Critter on the Half Shell


 


   I saw my first Armadillo in Oklahoma when I was 13. I had seen and even caught one in Texas before, but even then they were moving north and by 62 they had finally made it to Deep fork Bottoms.

   The first one I caught in Oklahoma was at the golf course in Okmulgee. My Uncle Floyd new the guy who was the grounds keeper there and we stopped by to talk to him one day. While we were there he was complaining to Uncle Floyd about Armadillos digging up the course. As we were walking across the course he yelled "there's one of the little SOB's" I looked where he was pointing ands sure enough there went one hopping across the lawn. I didn't even think twice, just took off chasing after it. For such a small animal them little dudes can really move. They do a kind of half jump, half run that really covers the ground but I finally got close enough to jump on him. I was really proud of catching that thing and went running back to Uncle Floyd and his friend to show him off. The golf course gave me a quarter for catching him which made my day a lot brighter but then Uncle Floyd took him and lay him on the ground and then took his pocket knife and stabbed him in the back of the head. That kind of took the fun out of catching him cause I kind of thought I'd take him home for a pet.

   I caught about three more before the idea of eating one popped into my pea brain. I knew that people in Texas ate them but when I started asking around I couldn't find anyone around home that had ever eaten one or even had any idea of how to fix one. I have learned several recipes since then but for the first one I thought I'd try it just like you would roast a turtle.

   I dug a small fire pit and lined it with rocks. Then I built a good size fire and kept adding wood till the rocks were good and hot. I removed the head, tail, and cut the entire belly off the armadillo and removed the guts. After rinsing him off good in Salt Creek I put some cat tail roots, wild onions and wild garlic in the chest cavity along with salt and pepper. I soaked some cat tail leaves in the creek and wrapped the body completely. After the fire had burned down I scraped most of the ashes out of the pit and lay him on his back on the rocks. I added more wet leaves to cover him and a layer of dirt on top. I left him there for about four hours while I wondered around and did a little squirrel hunting.

   I will admit that the meat was not what I expected. It wasn't gamey at all and but letting it cook as long as I did it was falling off the bone tender. The wild onions and garlic  added a lot of flavor but I'm not sure the cat tail roots added anything. They weren't bad by themselves but they are never going to take the place of potatoes.

   You can do the same thing if you happen to get a hold of a Dillo. You can cut the body completely away from the shell if you want then just lay it back in the shell, add salt, pepper and whatever veggies you want. Wrap the whole thing loosely in tin foil and put it on the grill. I think it comes out the best if you cook it with the lid closed at about 250' for about four hours.

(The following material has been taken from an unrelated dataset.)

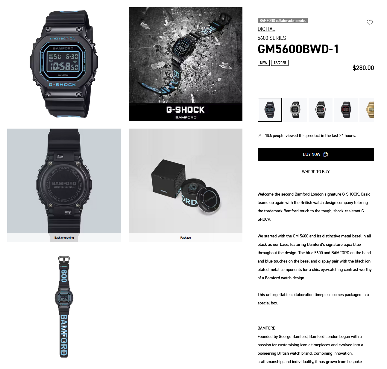 Casio indica il cinturino come una fascia in resina a base biologica, adatta a polsi di dimensioni comprese tra 145 mm e 215 mm. L'orologio utilizza un vetro minerale anziché uno zaffiro. Per gli acquirenti statunitensi, l'orologio è venduto direttamente attraverso il sito web di Casio e viene spedito in una confezione speciale a marchio Bamford. Anche se non si tratta di un'edizione limitata numerata, la disponibilità sembra essere più controllata rispetto alle uscite standard del GM-5600, il che potrebbe far sì che le scorte si spostino in piccoli lotti.

If you have a gas grill add a pan of wet wood chips to add a little smoky flavor (I like hickory chips).

Thursday, September 6, 2012

Cat Tail Bread

   It's not all that hard to find something to eat out in the wild, it depends mainly on the season and how picky you are. Around Oklahoma there's always squirrels, rabbits, fish, snakes and if you can't managed to catch at least one of those and you're hungry enough there's always bugs and worms (don't knock em till ya try em). The hardest thing to come up with, to me anyway, has always been bread. Course now, I like bread and enjoy having it with pretty well every meal so I set out to try and learn how to make it.

   When I first started trying this I didn't know anyone that knew how to do it so I had to fall back on  on my trusty mountain man books to see if I get any ideas. Now, as usual, the books have a lot of over-view but very few details. About the only thing I was able to find out was that native Americans used to pound cattail roots into a paste and made a kind off an unleavened bread (and No, I didn't have any have any idea what that meant until much later in life).

   The first time I tried this I gathered a bunch of cattail roots from McKenna's pond early in the season. My camping area was up stream from Skyrocket (the local swimming hole) and the pond was close to the creek. There is a lot of black shale around there so I stacked up a couple of pieces on each side of the fire pit and put one long one across the top to use as a griddle. I got a good fire going to heat the rock while I mashed the roots. I peeled the roots and lay them on another piece of shale and tried mashing them with a branch from an Oak tree. It looked like it should have worked, but didn't. Seemed like every time I tried to hit the root I would just catch the side and shoot it of the stone. I finally found a piece of granite that I could use and was finally able to get everything smashed into a paste. The first time you try this you will surprised at how much mositure are in those roots. The resulting paste comes ends up looking just a little on the slimy side but in for a penny.

   Once your griddle is hot (rock in my case) pour the paste on, kind of like a pancake. Flip it once the bottom side has browned.

   Now I'm not going to lie to you. Was it hot, yes. Was it filling, yes. Did it taste good, let's just stick with hot and filling. It's hard to judge some things with our moadern tastes, Maybe if we had grown up never tasting any other bread we would really like the taste but for me, I ate it and if it was all I had I'd eat it for every meal but it would not be my first choice.

   After a few more tries I did find ways to make it a little better. If you happen to catch the cattails when the heads are full of pollen you can knock the pollen out and mix it in with the paste. It will thicken it and adds more flavor. It even adds a yellow color which looks more like pancakes when it's coked.

   The best way I've found to add flavor is to mash some berrys into the paste. The first time i tried this it was using dewberries. I've also tried black berries, possum grapes and sand hill pumbs any of these will turn it into something that you can actually look forward to.